> **Recorded data**:
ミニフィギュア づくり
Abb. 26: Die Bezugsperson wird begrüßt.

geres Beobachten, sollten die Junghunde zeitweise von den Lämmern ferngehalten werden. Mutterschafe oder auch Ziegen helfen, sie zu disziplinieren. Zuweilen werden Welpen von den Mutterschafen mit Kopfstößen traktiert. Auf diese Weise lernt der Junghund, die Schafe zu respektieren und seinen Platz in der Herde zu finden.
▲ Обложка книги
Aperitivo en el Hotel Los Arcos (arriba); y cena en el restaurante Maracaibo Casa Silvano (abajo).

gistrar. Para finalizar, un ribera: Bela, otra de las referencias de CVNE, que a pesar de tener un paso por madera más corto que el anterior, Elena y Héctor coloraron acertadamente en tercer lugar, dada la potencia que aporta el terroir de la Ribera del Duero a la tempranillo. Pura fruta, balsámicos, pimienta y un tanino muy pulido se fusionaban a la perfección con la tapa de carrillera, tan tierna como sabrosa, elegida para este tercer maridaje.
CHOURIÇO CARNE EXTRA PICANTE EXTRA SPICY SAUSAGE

==

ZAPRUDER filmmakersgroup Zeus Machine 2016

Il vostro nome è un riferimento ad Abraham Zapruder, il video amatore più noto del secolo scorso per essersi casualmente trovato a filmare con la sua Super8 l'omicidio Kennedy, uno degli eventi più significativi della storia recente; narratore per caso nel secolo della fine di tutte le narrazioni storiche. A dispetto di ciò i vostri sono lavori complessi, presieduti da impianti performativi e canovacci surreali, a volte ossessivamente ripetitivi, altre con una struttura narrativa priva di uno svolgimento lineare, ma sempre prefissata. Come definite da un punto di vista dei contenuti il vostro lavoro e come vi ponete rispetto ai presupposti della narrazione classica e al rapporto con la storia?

> **Required action**: From the records above, quote only the lines running from the line with "ミニフィギュア づくり" to the line with "Abb. 26: Die Bezugsperson wird begrüßt.", both lines included.

> **Exercise result**:
ミニフィギュア づくり
Abb. 26: Die Bezugsperson wird begrüßt.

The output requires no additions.